Google et Facebook captent la quasi-totalité des revenus publicitaires en ligne. Plus de 2000 groupes de presse américains, réunis dans la News Media Alliance, demandent une modification de la loi anti-trust pour récupérer une part du gâteau, au nom de la bonne marche de la démocratie.
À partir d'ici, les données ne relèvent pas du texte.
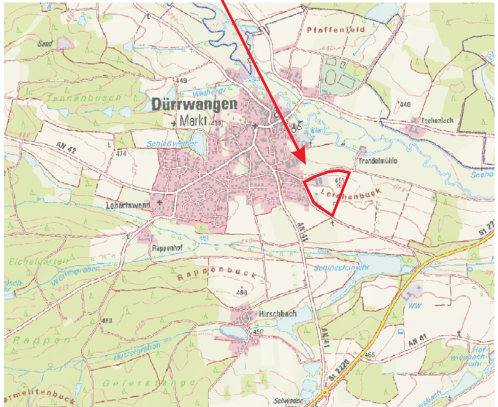
(III) Lage des Gewerbegebietes in Dürrwangen

« Dès que le président Trump attaque CNN ou réprimande le Washington Post, journalistes et défenseurs de la liberté d’expression se lèvent pour protéger les médias et le premier amendement », écrit David Chavern, à la tête de la News Media Alliance qui regroupe 2000 entreprises de presse, print et web, régionaux et nationaux, aux Etats-Unis et au Canada. « Pendant ce temps, poursuit-il, une plus grande menace plane sur l’industrie des médias américains et qui demeure largement peu notée : la domination du duopole Google et Facebook sur la publicité en ligne, qui pourrait faire beaucoup plus de dommages à la liberté de la presse que tout ce que peut dire le président dans ses posts Twitter. » Paradoxe de notre temps, et vent de fronde dans les médias américains. Dans une tribune intitulée « Comment la loi anti-trust porte atteinte à la liberté de la presse » diffusée le 9 juillet sur le Wall Street Journal, David Chavern partage l’inquiétude de News Media Alliance.
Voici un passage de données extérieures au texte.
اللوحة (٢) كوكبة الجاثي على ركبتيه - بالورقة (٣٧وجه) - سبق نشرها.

Le duopole Google et Facebook
Selon David Chavern, « 70% des 73 milliards de dollars » dépensés en publicité en ligne aux Etats-Unis sont captés par Google et Facebook. Pire, entre 2015 et 2016, les revenus de la publicité en ligne ont crû de 22%, passant de 59,6 milliards à 72,5, mais 99% de ces nouveaux budgets sont accaparés par ce duopole de GAFA (Google, Apple, Facebook, Amazon). « 80% du trafic en ligne référencé provient de Google et Facebook », écrit-il. « Un business immensément profitable », leurs gains s’élevant respectivement à 19 et 10 milliards de dollars l’an passé.
Or, poursuit David Chavern, « les deux géants du numérique n’emploient pas de journalistes. » Ils ne supportent donc pas le poids, extrêmement coûteux, de produire de l’information. « Même si le journalisme est souvent irritant pour ceux qui sont au pouvoir, écrit Chavern, des informations et des analyses de qualité sont essentielles à tout système politique qui dépend du fait de donner aux citoyens des faits, afin qu’ils esquissent leurs propres conclusions. »
Dans un article publié le lendemain, le News Media Alliance précise : « à cause de ce duopole, les éditeurs sont forcés d’abandonner leur contenu et jouer selon leurs règles sur comment les nouvelles et l’information doit être présentée, hiérarchisée et monétisée. Ces règles ont standardisé les infos et laissé la place aux fake news, qui ne peuvent bien souvent plus être différenciées des vraies nouvelles. »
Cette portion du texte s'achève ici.